In the past year, we experimented with a group of primary care innovators who have now produced a primary care innovators handbook as a way to share tacit knowledge gained in the field. Other network examples include multisectoral groups seeking to address a particular problem through government and private sector collaboration.

We have measured the great opportunity for people working on similar innovations to learn a lot from each other. The global institutions working with many innovators can be mediators to help them find each other and offer platforms for interaction.
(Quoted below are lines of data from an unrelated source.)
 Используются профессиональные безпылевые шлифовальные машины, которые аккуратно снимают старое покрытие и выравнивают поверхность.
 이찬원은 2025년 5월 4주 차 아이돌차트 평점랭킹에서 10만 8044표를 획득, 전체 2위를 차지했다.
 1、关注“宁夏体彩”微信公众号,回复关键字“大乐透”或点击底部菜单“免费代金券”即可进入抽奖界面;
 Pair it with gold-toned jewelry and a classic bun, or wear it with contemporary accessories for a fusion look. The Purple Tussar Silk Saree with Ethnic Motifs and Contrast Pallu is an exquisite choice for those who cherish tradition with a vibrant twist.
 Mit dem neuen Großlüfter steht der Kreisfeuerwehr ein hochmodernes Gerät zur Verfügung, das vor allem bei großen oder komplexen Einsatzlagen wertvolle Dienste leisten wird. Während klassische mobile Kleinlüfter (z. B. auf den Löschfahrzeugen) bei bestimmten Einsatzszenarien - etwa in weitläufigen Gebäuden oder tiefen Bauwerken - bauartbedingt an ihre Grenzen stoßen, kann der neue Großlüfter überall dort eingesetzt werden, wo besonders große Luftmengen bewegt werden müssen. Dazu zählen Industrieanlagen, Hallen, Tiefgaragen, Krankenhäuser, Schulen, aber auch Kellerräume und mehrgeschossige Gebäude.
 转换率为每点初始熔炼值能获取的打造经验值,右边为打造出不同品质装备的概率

4. Country innovation partners.

We work through a global network of country-based organizations. Our partners act as facilitators of key local and regional actors, carrying out the dual role of connecting programs to opportunities and encouraging system-level change. Our country innovation partners have added value at the country level in several distinct ways: raising awareness about the potential of innovations; creating large, in-country networks that leverage global learning and lower barriers to collaboration; leveraging our platforms, networks and other work to amplify the impact of their own and others’ efforts; and working with governments and funders to foster the uptake of promising innovations.
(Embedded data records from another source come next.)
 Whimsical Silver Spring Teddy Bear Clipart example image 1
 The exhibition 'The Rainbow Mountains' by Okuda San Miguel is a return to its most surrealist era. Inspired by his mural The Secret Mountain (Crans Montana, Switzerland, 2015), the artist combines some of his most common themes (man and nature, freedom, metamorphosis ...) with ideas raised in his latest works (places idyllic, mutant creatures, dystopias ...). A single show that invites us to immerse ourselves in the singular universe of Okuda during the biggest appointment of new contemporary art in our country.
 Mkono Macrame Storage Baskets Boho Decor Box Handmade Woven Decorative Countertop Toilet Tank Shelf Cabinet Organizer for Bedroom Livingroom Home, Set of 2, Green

As part of their work, partners have developed a number of country-level mechanisms to source and support programs, such as competitions, innovation hackathons and pitch series aimed at fostering country-level support to innovations among donors, investors and policymakers. These locally driven efforts have generated new awareness of what works and sparked increased momentum around the potential of innovations.

5. Copycats.

If we are truly ready to scale innovation and move beyond just a few organizations doing well, we need to create copycats. Currently, we are systematically identifying receptor sites through the lens of adaptation and replication of innovations.

How do we find organizations that can be good copycats?  These organizations play a slightly different role than the initial innovators but are no less important in strengthening entire systems or industries that are able to engage with the government and other ecosystem players.

We have found that to help countries build highly performing health and education systems that serve the poor, we need larger industries of providers that go beyond one or two successful organizations. Copycats should be encouraged as a way of promoting promising models and vibrant systems and industries.

Our work over the past five years has taught us the importance of working directly with innovators, country and regional partners, researchers and governments to understand how innovations can gain success and get to scale. This group of stakeholders represents the sixth “C” of building vibrant innovation ecosystems — community. We hope you’ll join ours.